As you can see from the diagram above, we have written "demo" coded to "6D 6F", but we do not explicitly specify the encoding in the above code, in fact, we are not specified in the operating system to use the default character encoding method to encode the characters we want to write.

Because the character stream is actually going to complete the conversion of the Unicode sequence to the byte sequence of the encoding, it uses a memory buffer to hold the converted byte sequence, and the wait is converted and written to the disk file.

4. The difference between character streams and byte stream

Through the above description, we can know that the main difference between the byte stream and character streams is embodied in the following aspects:

The basic unit of the byte stream operation is bytes; The base unit of the character streams operation is the Unicode code element.
The byte stream does not use buffers by default, and character streams use buffers.
A byte stream is typically used to process binary data, but it can actually handle any type of data, but it does not support direct write or read Unicode code; Character flow often processes text data, which supports writing and reading Unicode code elements.

Above is my Java in the character stream and the word throttling some of the understanding, if the narrative is not clear or inaccurate place hope everyone can correct, thank you.

Contact Us

The content source of this page is from Internet, which doesn't represent Alibaba Cloud's opinion; products and services mentioned on that page don't have any relationship with Alibaba Cloud.

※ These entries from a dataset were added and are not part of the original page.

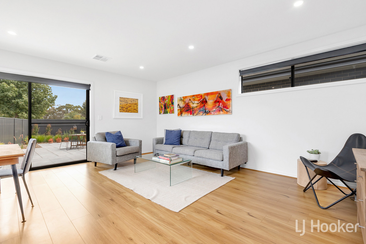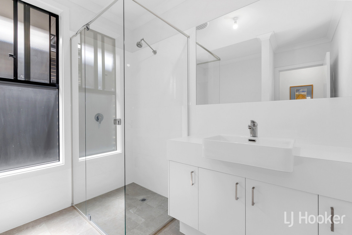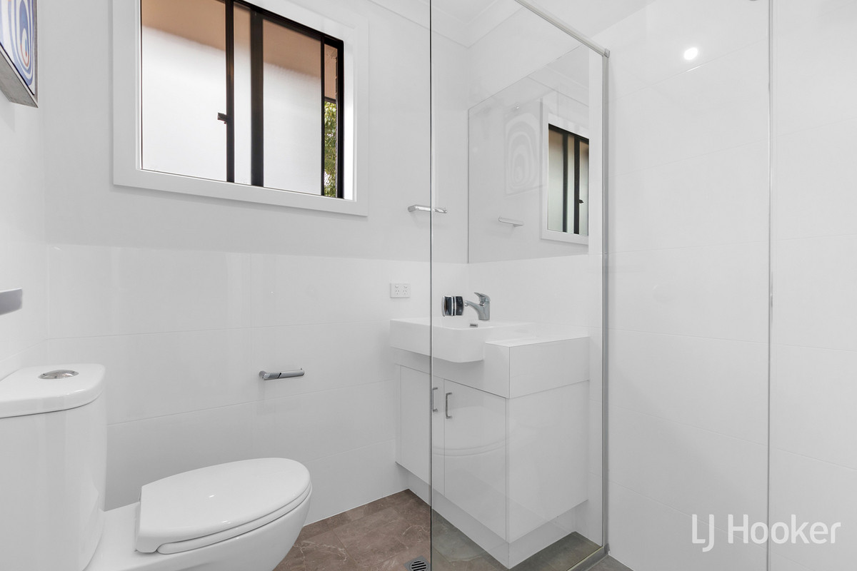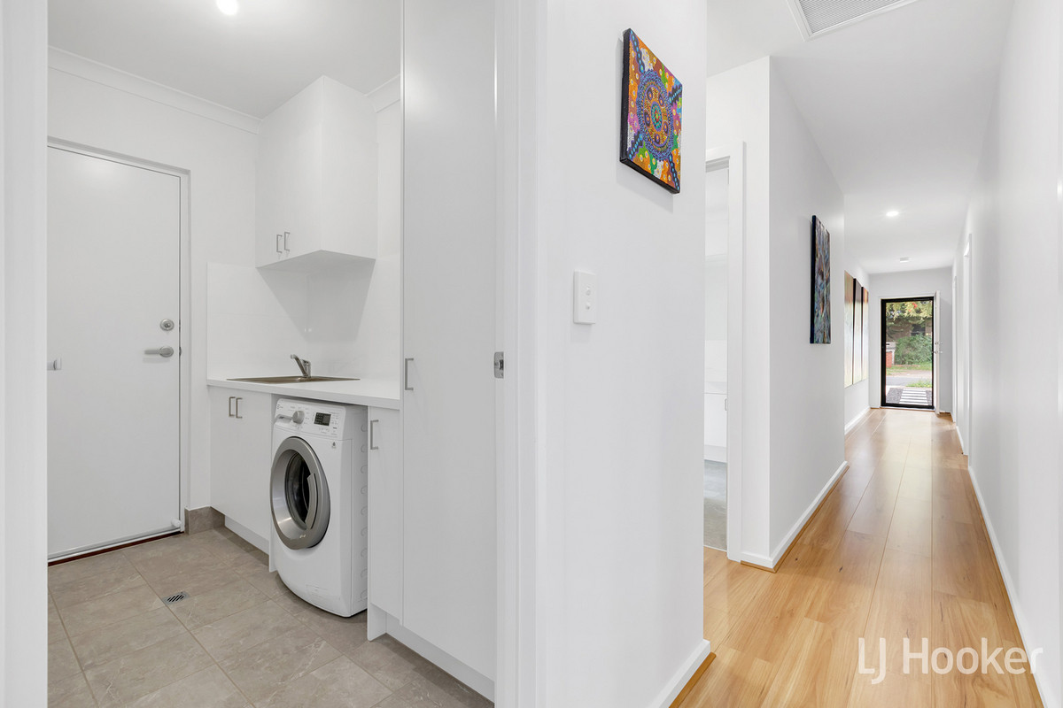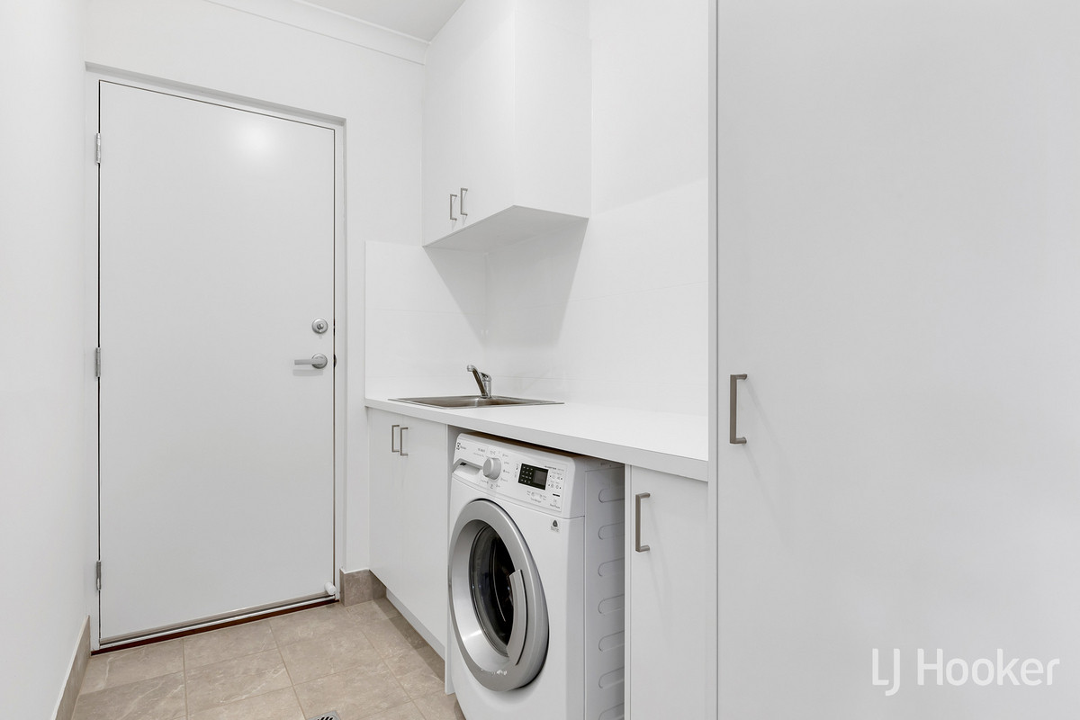 The master bedroom offers both privacy and convenience, featuring a roller shutter and a walk-through robe that leads to a sleek, modern ensuite. Bedrooms 2 and 3 are equally impressive, each with built-in robes and easy access to a sparkling main bathroom and separate toilet. The laundry provides plenty of storage and is designed with both functionality and aesthetic appeal in mind.
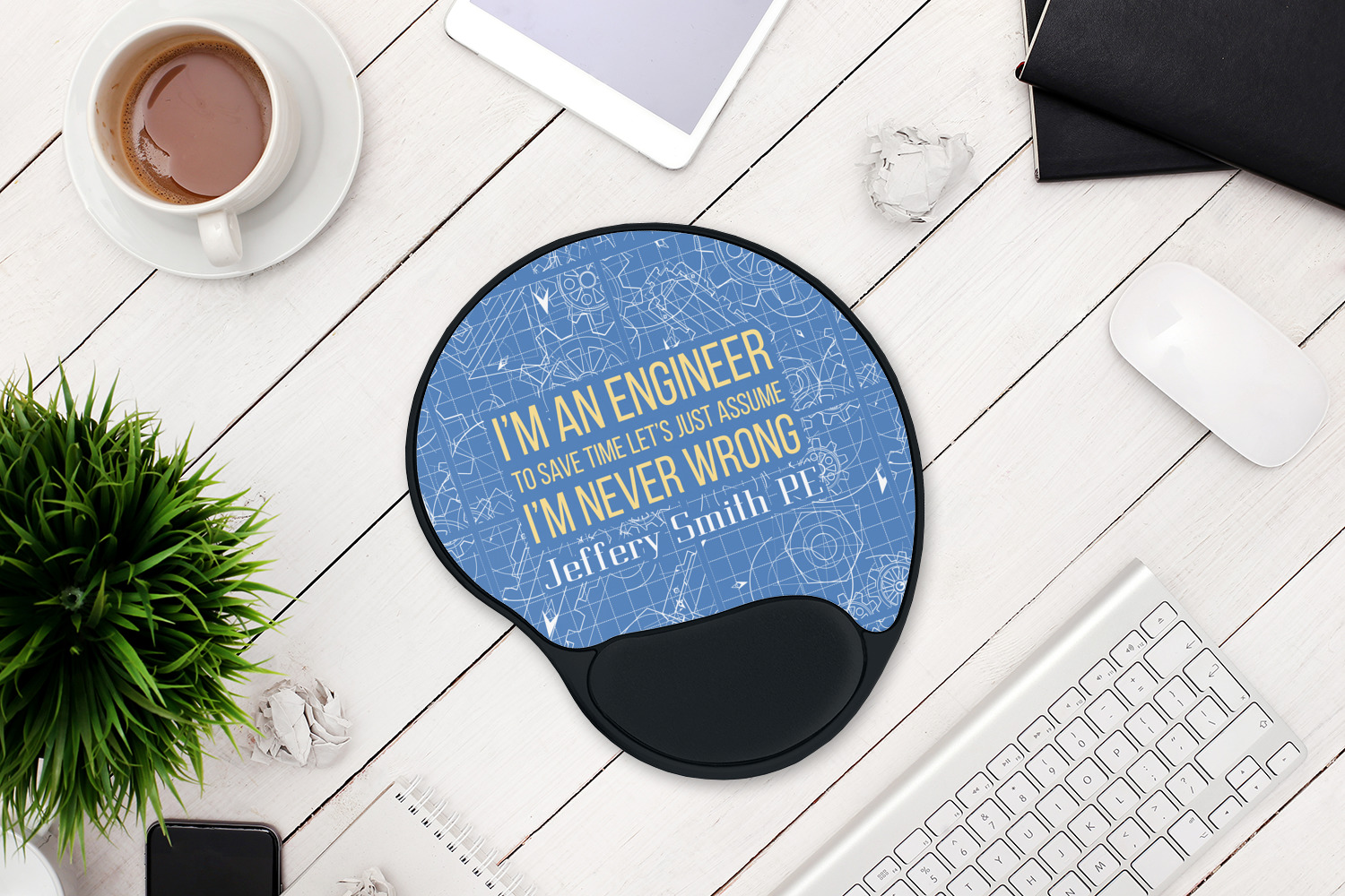 The main focus of this design is a funny quote that says "I'm an engineer, to save time let's just assume I'm never wrong." This will be sure to get anyone to crack a smile. The background is a blueprint pattern with gears and other shapes. The main colors are blue and light yellow. Your personalization goes directly under the quote.
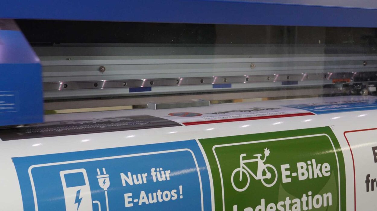 Parplatzhinweise und Ladesäulenschilder für E-Autos, E-Bikes oder E-Roller.
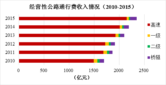 與2014年相比,經(jīng)營(yíng)性公路車(chē)輛通行費(fèi)總收入由2188.8億元增加到2349.1億元,凈增160.3億元,增長(zhǎng)7.3%。其中,高速公路由2009.3億元增加到2146.5億元,凈增137.2億元,增長(zhǎng)6.8%;一級(jí)公路由50.3億元減少到43.4億元,凈減6.9億元,減少13.7%;二級(jí)公路由28.4億元減少到25.5億元,凈減2.9億元,減少10.1%;獨(dú)立橋梁隧道由100.7億元增加到133.7億元,凈增33.0億元,增長(zhǎng)32.8%。
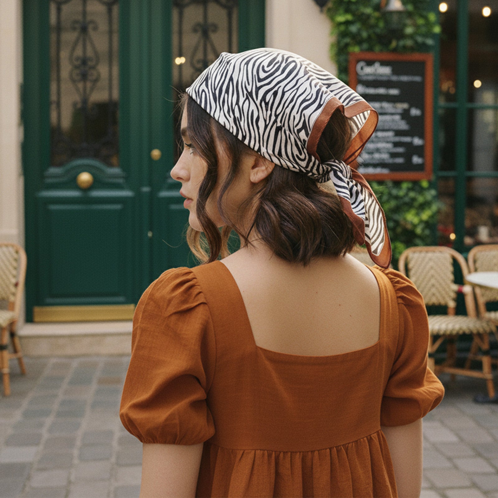 Le foulard Zebra Stripes affiche un motif zébré audacieux qui allie élégance et modernité. Ses rayures contrastées noir et ivoire donnent du caractère à chaque tenue, qu’il soit porté autour du cou, dans les cheveux ou en accessoire de sac.

If the content of the page makes you feel confusing, please write us an email, we will handle the problem within 5 days after receiving your email.

If you find any instances of plagiarism from the community, please send an email to: info-contact@alibabacloud.com and provide relevant evidence. A staff member will contact you within 5 working days.

A Free Trial That Lets You Build Big!

Start building with 50+ products and up to 12 months usage for Elastic Compute Service

  • Sales Support

    1 on 1 presale consultation

  • After-Sales Support

    24/7 Technical Support 6 Free Tickets per Quarter Faster Response

  • Alibaba Cloud offers highly flexible support services tailored to meet your exact needs.